### About this exercise
Every line of the material is to be transcribed verbatim, with images omitted.

### Data excerpt
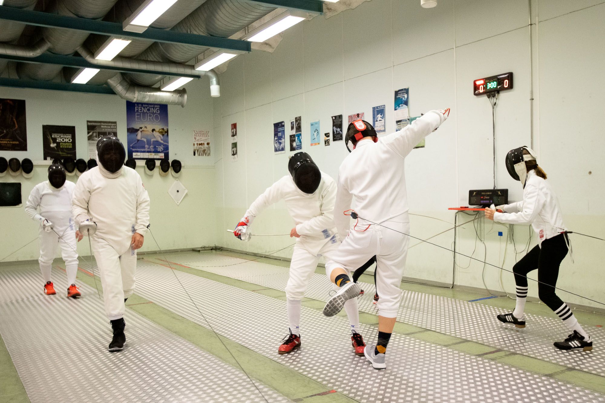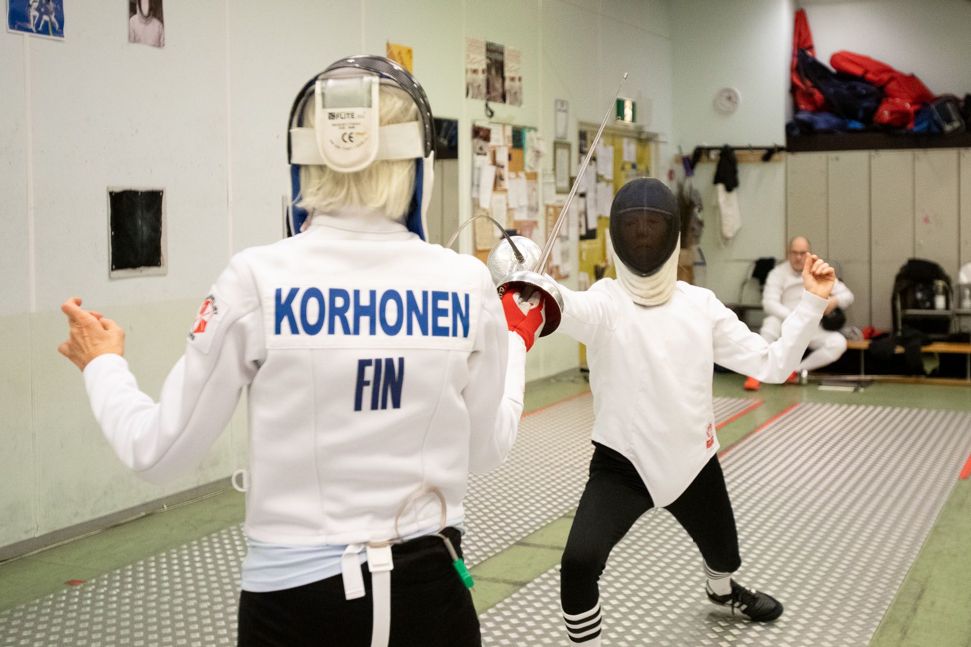Miekat kalisevat, kun miekkailuseura Kalpaveljet harjoittelee Tampereen Nääshallissa. Sunnuntai-iltapäivänä halliin kokoontui kymmenkunta treenaajaa harjoittelemaan lajin tekniikkaa, sekä ottamaan toisistaan mittaa miekkailussa. Seuran ikähaarukka on laaja, ryhmiä löytyy kaikille ikäluokille lapsista senioreihin.
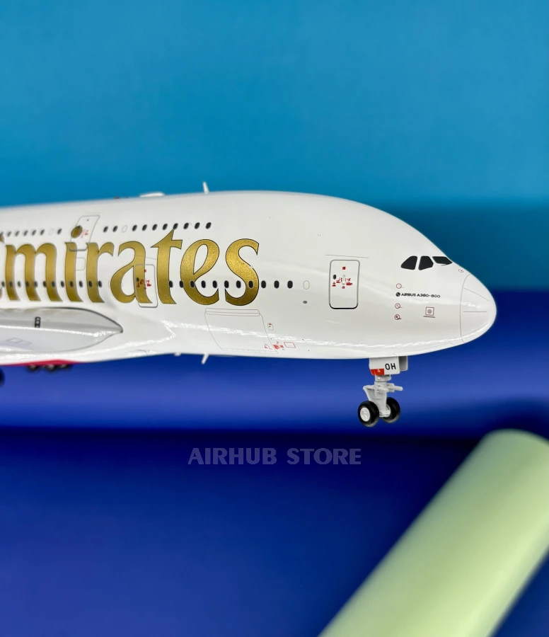 The Airbus A380-800 Emirates (registration number A6-EOH) is a 1:200 scale model by GeminiJets that reproduces one of the most famous flagships in the Emirates fleet. The model is made of die-cast metal with extraordinary detail and is decorated in the new Emirates livery, presented in 2023.
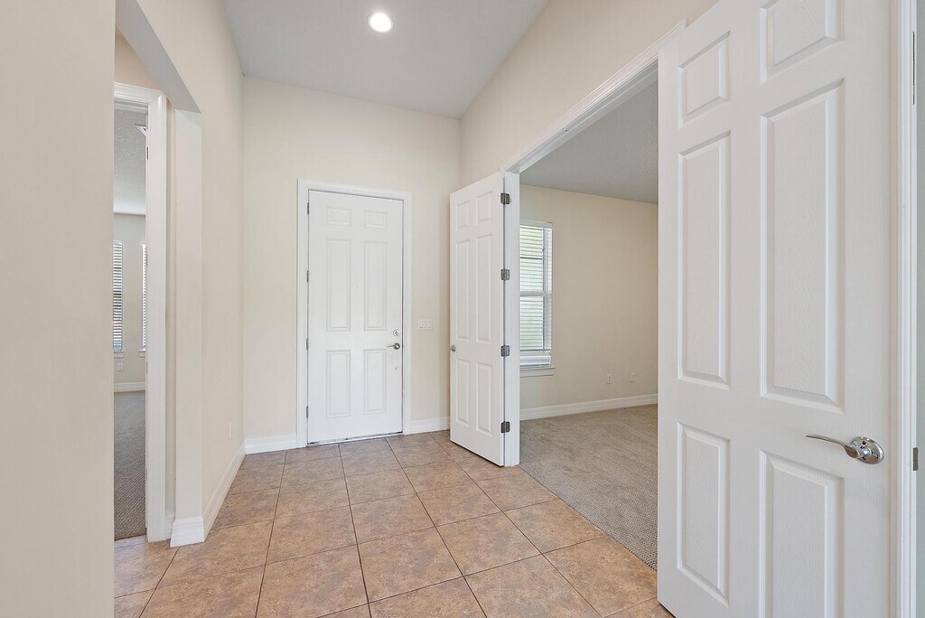 Annual, unfurnished, available now after HOA approval - Shores Pointe, Jupiter. Beautifully maintained 3 Bedroom plus den/flex room, 3 Bathroom, 3 Car Garage home located in the highly desirable community of Shores Pointe in the heart of Jupiter. Soaring ceilings, an open layout, new carpets, 2016 construction. The versatile den/flex room is ideal for a home office, playroom, or guest space. The kitchen is designed for both function and style, featuring white cabinetry, granite countertops, a large island, a walk-in pantry and brand new stainless steel appliances including a gas range. Peace of mind and easy living with full impact windows and doors, CBS construction and metal roof. Includes landscaping, pest control, association fees, common area playground. Zoned for A rated schools!
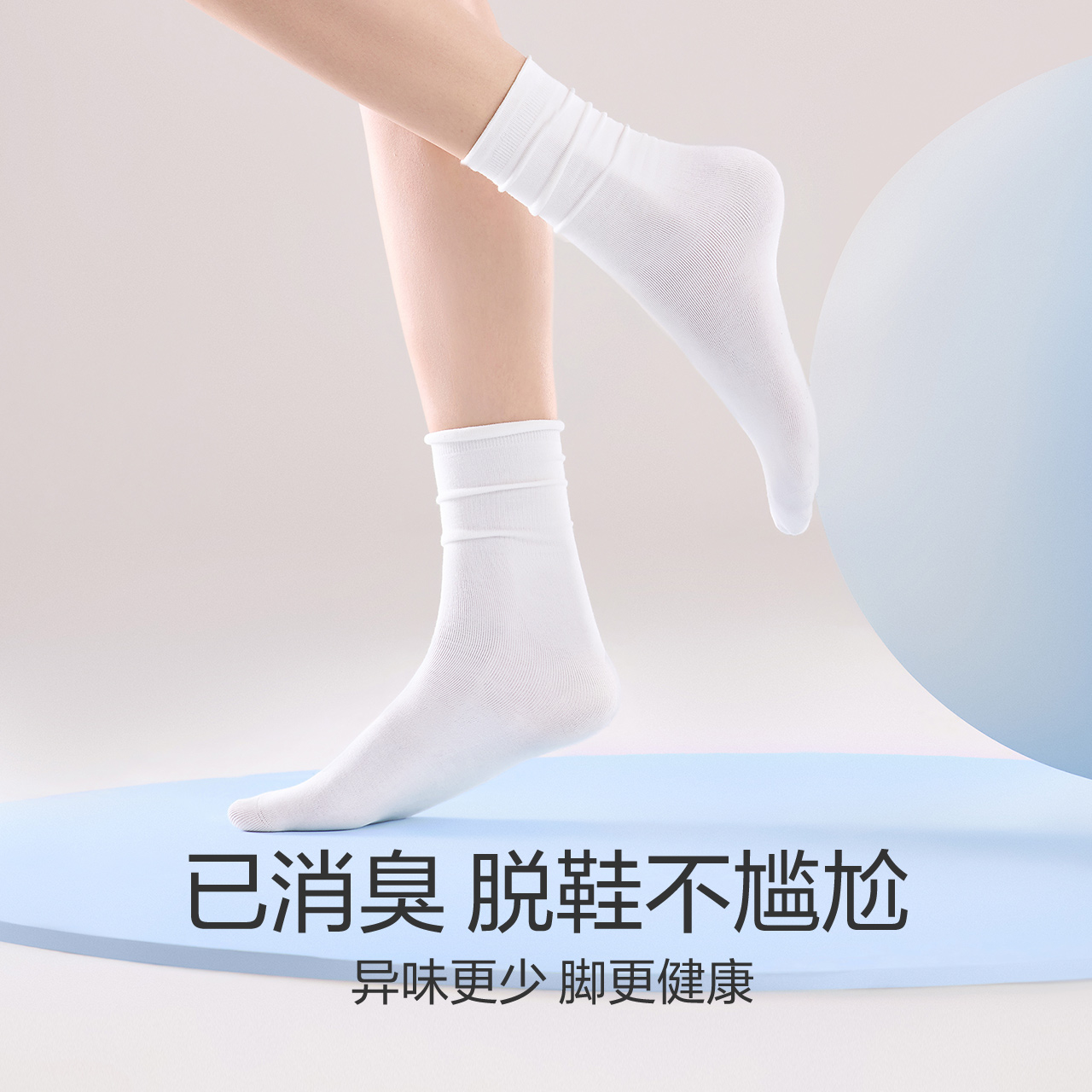 袜子女堆堆袜莫代尔中筒袜2025年春抑菌防臭透气白色长袜女士袜子

### The completed task
Miekat kalisevat, kun miekkailuseura Kalpaveljet harjoittelee Tampereen Nääshallissa. Sunnuntai-iltapäivänä halliin kokoontui kymmenkunta treenaajaa harjoittelemaan lajin tekniikkaa, sekä ottamaan toisistaan mittaa miekkailussa. Seuran ikähaarukka on laaja, ryhmiä löytyy kaikille ikäluokille lapsista senioreihin.
 The Airbus A380-800 Emirates (registration number A6-EOH) is a 1:200 scale model by GeminiJets that reproduces one of the most famous flagships in the Emirates fleet. The model is made of die-cast metal with extraordinary detail and is decorated in the new Emirates livery, presented in 2023.
 Annual, unfurnished, available now after HOA approval - Shores Pointe, Jupiter. Beautifully maintained 3 Bedroom plus den/flex room, 3 Bathroom, 3 Car Garage home located in the highly desirable community of Shores Pointe in the heart of Jupiter. Soaring ceilings, an open layout, new carpets, 2016 construction. The versatile den/flex room is ideal for a home office, playroom, or guest space. The kitchen is designed for both function and style, featuring white cabinetry, granite countertops, a large island, a walk-in pantry and brand new stainless steel appliances including a gas range. Peace of mind and easy living with full impact windows and doors, CBS construction and metal roof. Includes landscaping, pest control, association fees, common area playground. Zoned for A rated schools!
 袜子女堆堆袜莫代尔中筒袜2025年春抑菌防臭透气白色长袜女士袜子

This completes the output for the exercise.